++++ Provided data

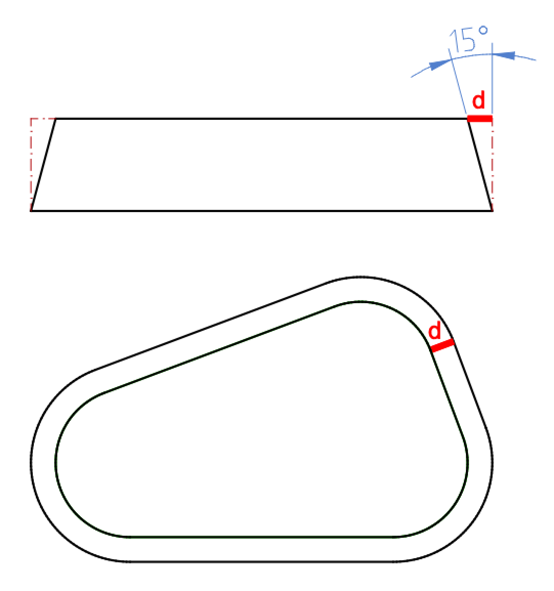 The distance for the offset tool is visible in the front view of the part shown at the top (length of the red line d):
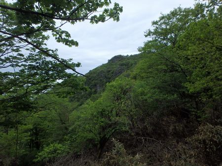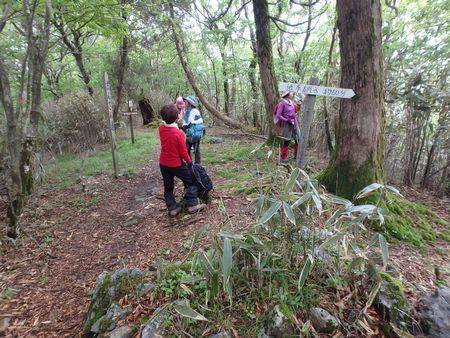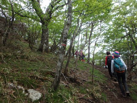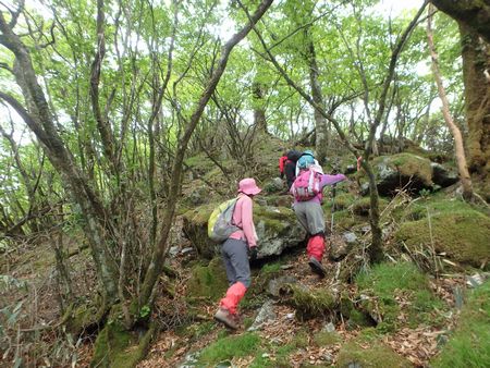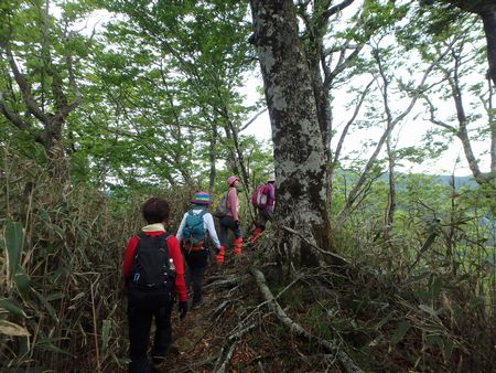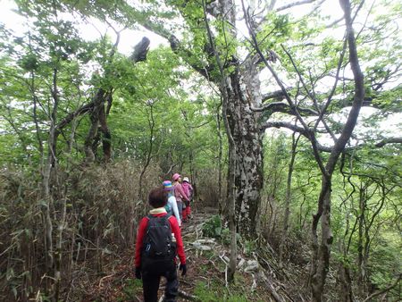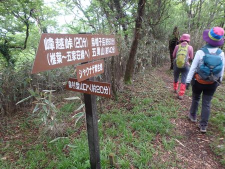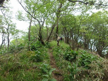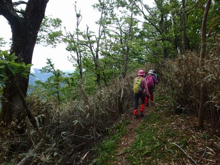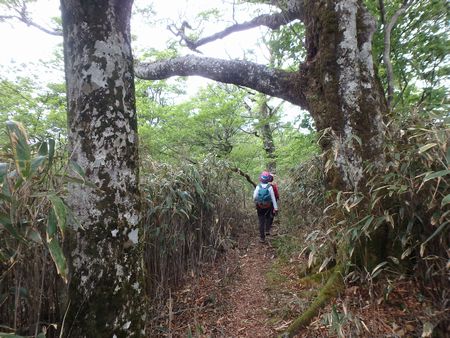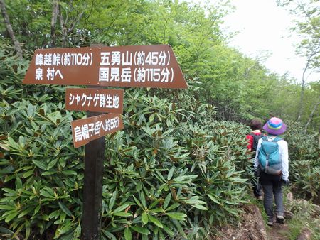| ▼五勇山・国見岳分岐です。 シャクナゲが群生していますが今年は裏年みたいです〜来年に期待! |
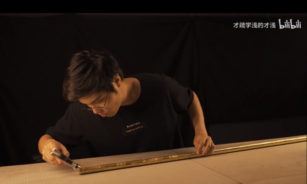 Comparado com a máscara dourada, o acabamento do cetro foi mais complexo. “Devo primeiro afirmar que sou apenas um amador, n?o um especialista, e que, por isso, n?o posso ser rigoroso. Meu propósito n?o é imitar as relíquias culturais, mas recriar os métodos de produ??o o máximo possível”. Cai afirma que o produto acabado visou ser o mais fiel possível face ao original.
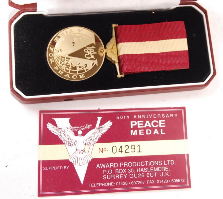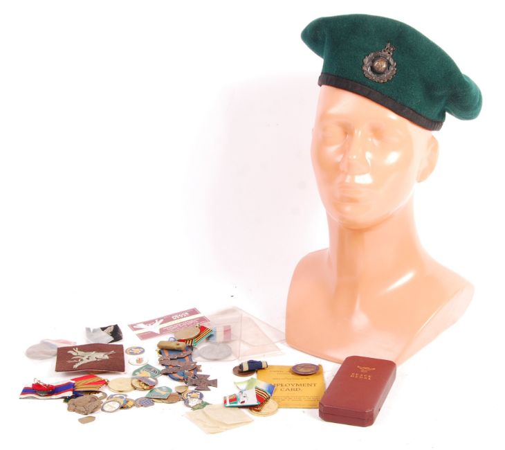 A collection of assorted conflict 20th century badges, medals and a Royal Marines beret (with badge). The beret made by Compton Webb Ltd. Lot also includes a 1945 Peace Medal in box, Cheshire Education Committee badge and card, combat patches, medal ribbons etc. Interesting assortment.
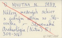 NOVOTNA N. 1957 Nálezy medených sekier s jedným ostrim zo Slovenska.
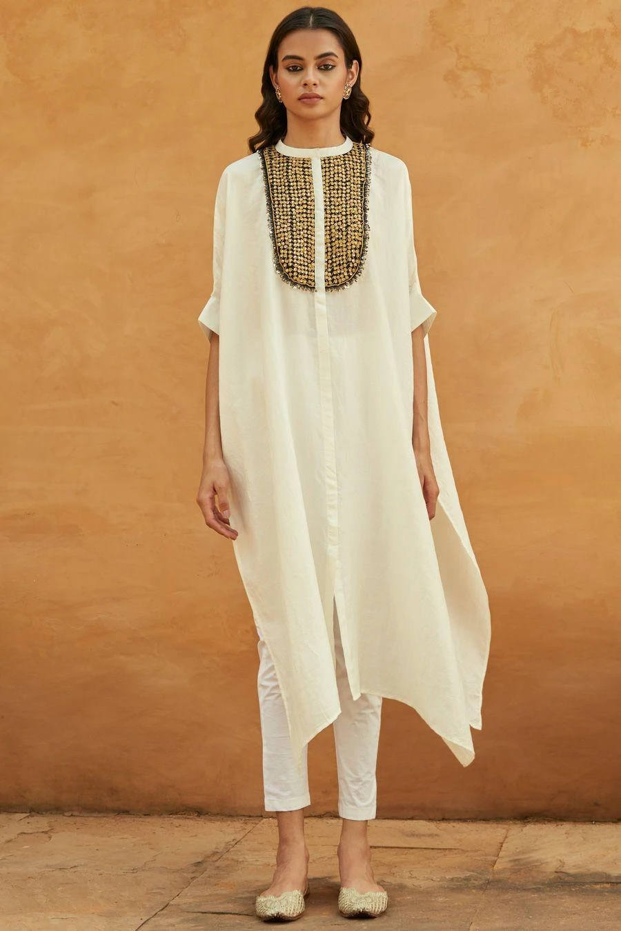 The perfect amalgamation of style & comfort, this kaftan set is perfect for a day out. This kaftan features a black yoke with marodi work & sequence trim detailing paired with cotton lycra pants. Style it with dainty jewellery to complete the look.
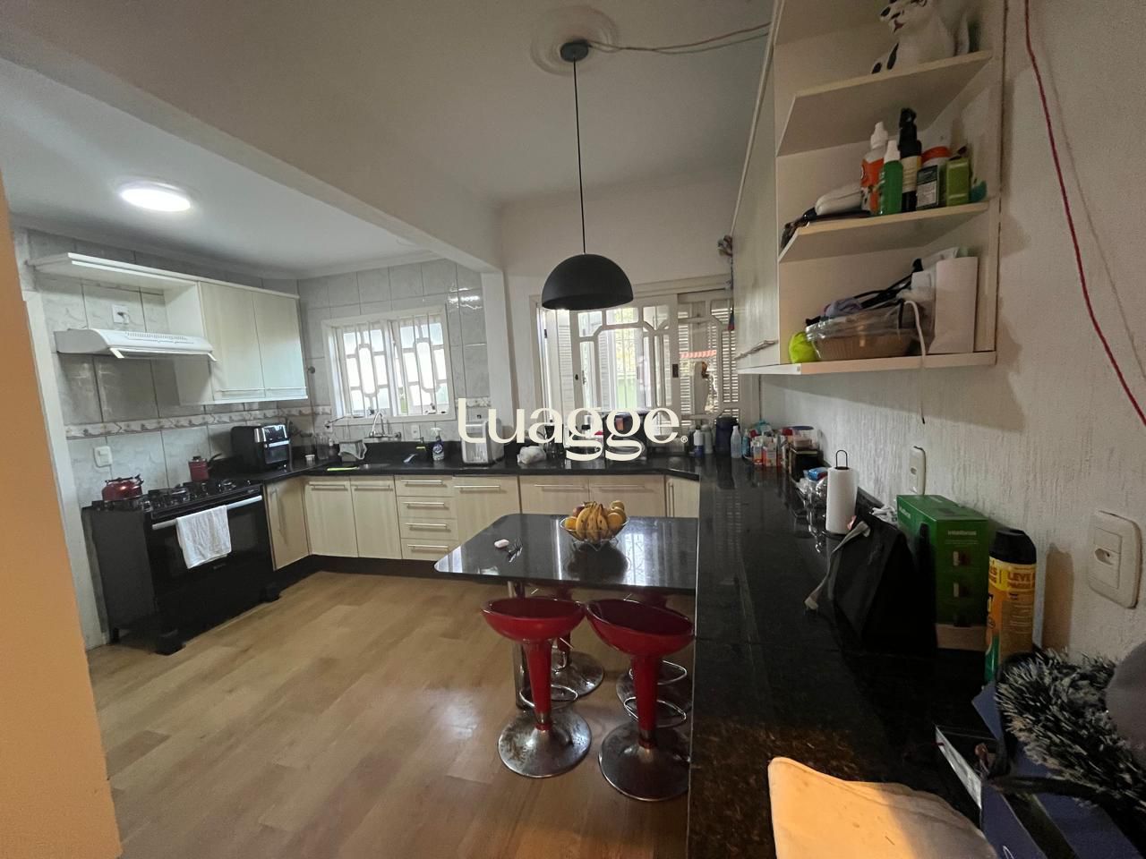 Ampla sala de estar, com lareira. Cozinha planejada com ampla bancada.
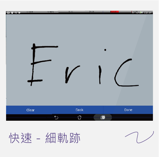 將簽名的座標、壓力、角度以及簽署過程完整記錄。
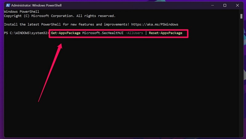 Nu, om återställning av Windows Security-appen från Windows-inställningar inte åtgärdade problemet med Windows-säkerhet som inte fungerar på din Windows 11-enhet, kanske du vill använda Powershell-verktyget i Windows för att återställa det.
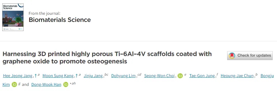 利用3D打印的高多孔Ti-6Al-4V支架涂有氧化石墨烯来促进成骨
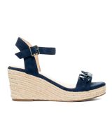 Espadrilky na vysokom klinovom podpätku a platforme. Dizajn s prepletaným niťovým vzorom našitým na remienku cez pätu. Zapínanie pomocou širokej bielej šnúrky okolo členku. Okrúhla uzavretá špička s prekrížením. Materiál koženka látková a jutový klin s platformou. Výška podpätku 10,5 cm a výška platformy pod prstami 2,5 cm pre podrozmerné veľkosti 32-35, výška podpätku 12 cm a výška platformy pod prstami 2,5 cm pre nadrozmerné veľkosti 42-45.
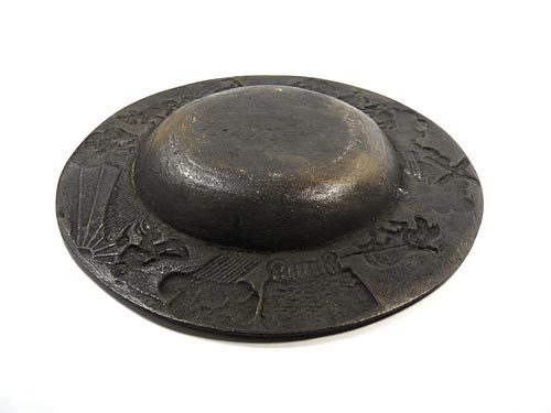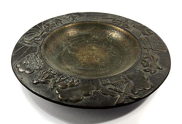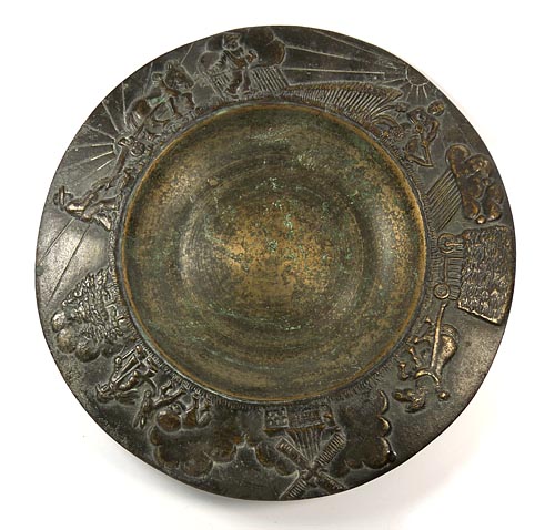 Schalenförmiger Korpus aus Bronze, der breite Rand weist flach reliefierte, etwas naiv wirkende Szenen des bäuerlichen Lebens in den vier Jahreszeiten auf. Durchmesser ca. 28 cm, überwiegend relativ dunkle Patina, geringe bis moderate Gebrauchsspuren. Unbezeichnet, wohl Deutschland oder Nederlande der 20er Jahre.
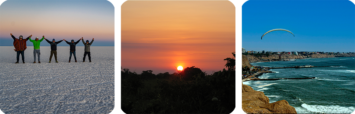 - LIMA: Lima tiene un clima costero, templado y húmedo durante todo el año. En invierno (junio a septiembre), los días son nublados y frescos, con temperaturas entre 14 °C y 18 °C, mientras que en verano (diciembre a marzo) el clima es cálido y soleado, con máximas de hasta 30 °C. Se recomienda llevar ropa ligera en verano, junto con bloqueador y gafas de sol, y en invierno, prendas abrigadoras pero livianas, como casacas cortaviento y calzado cómodo.
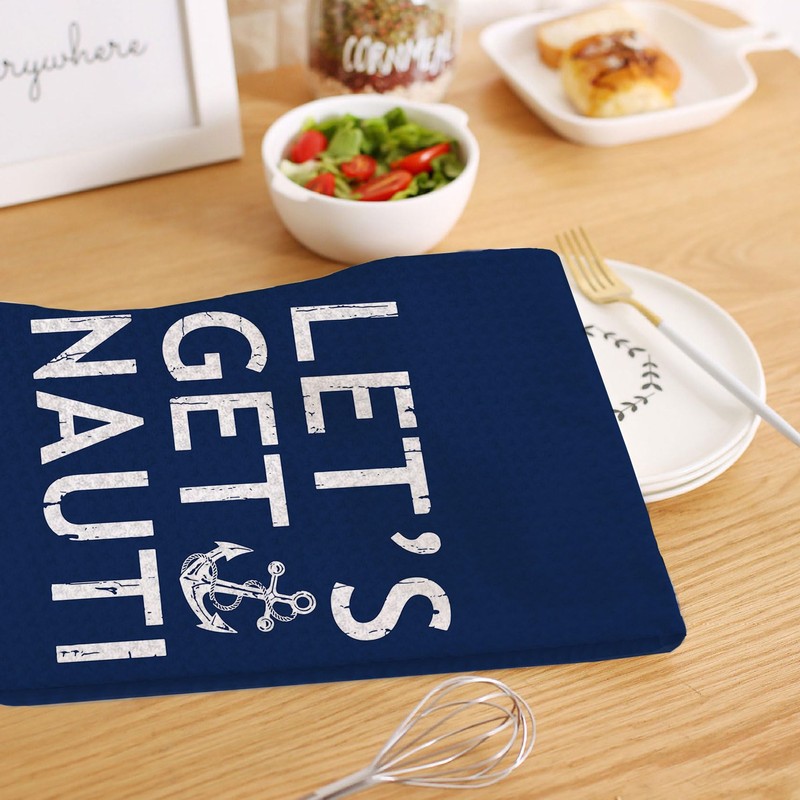 HIWX Nautical Coastal Beach House Let's Get Nauti Navy Blue Decorative Kitchen Towels and Dish Towels,Rustic Ocean Themed Anchor Hand Towels Tea Towel for Bathroom Kitchen Decor 16×24 Inches
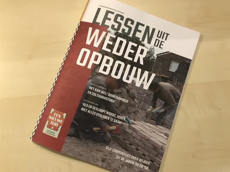 “We hebben samen met de woningcorporaties in de Achterhoek een magazine samengesteld”, vertelt Werner Weijkamp van Een Nieuwe Tijd over een van de dingen waar ze aan gewerkt hebben. “De woningbouwcorporaties hebben twintig tot dertig procent van de totale woningvoorraad in handen. Een groot deel komt uit die wederopbouwperiode. Je ziet daar ook de opgave die er is rond verduurzaming en dat hebben we nu samen met hen opgepakt.” In het magazine ‘Lessen uit de wederopbouw’ delen vijf organisaties hun ervaringen. “Om te vertellen hoe zij met hun erfgoed omgaan en vooral ook om te kijken hoe ze met die opgave aan de slag gegaan zijn met de kennis uit de periode van toen om die nu te gebruiken bij de aanpak van die wijken.”
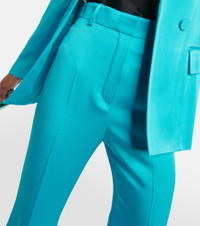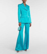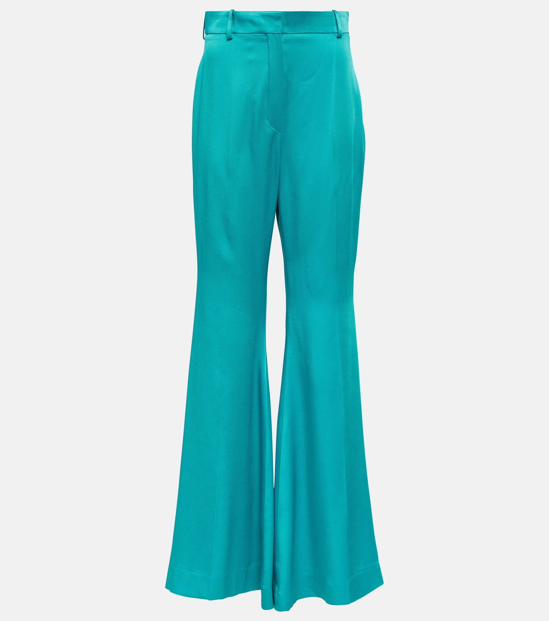 Nina Ricci displays a playful penchant for proportions with these wide-leg pants. Made of aquatic blue satin, this high-rise style pushes tailored traditions with dramatic flared legs, secured with a hook fly. Product Details - Material: 74% acetate, 26% viscose - Care instructions: dry clean - Made in Romania - Material II: 100% viscose - Closure: zipper, hook fastening - Item number: P00842911 Size & Fit - True to size - Best fit for a slightly wider waist - Mid-weight material - Slim-leg with a flared hem - High-waisted - The model seen in the picture is 178cm-5'10" and wearing a size FR 36
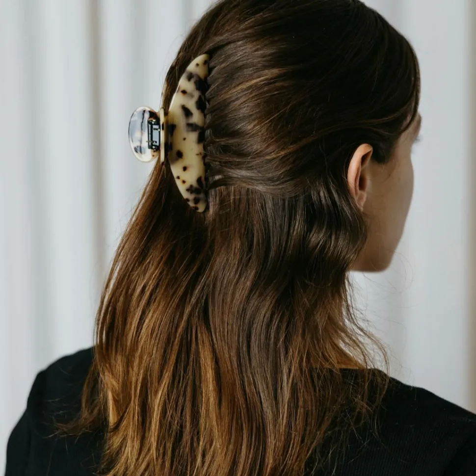 Stor hårklemme som holder håret på plads med sin kraftige klemme. Størrelsen gør, at den passer ekstra godt til længere hår. En skånsom hårpynt, der kan bruges på flere forskellige måder uden at slide håret.

++++++++

» Work item: The reply should hold exactly the lines above, starting at the line with "A collection of" and ending at the line with "將簽名的座標、壓力、角度以及簽署過程完整記錄。", and no pictures.

» Answer to this task:
 A collection of assorted conflict 20th century badges, medals and a Royal Marines beret (with badge). The beret made by Compton Webb Ltd. Lot also includes a 1945 Peace Medal in box, Cheshire Education Committee badge and card, combat patches, medal ribbons etc. Interesting assortment.
 NOVOTNA N. 1957 Nálezy medených sekier s jedným ostrim zo Slovenska.
 The perfect amalgamation of style & comfort, this kaftan set is perfect for a day out. This kaftan features a black yoke with marodi work & sequence trim detailing paired with cotton lycra pants. Style it with dainty jewellery to complete the look.
 Ampla sala de estar, com lareira. Cozinha planejada com ampla bancada.
 將簽名的座標、壓力、角度以及簽署過程完整記錄。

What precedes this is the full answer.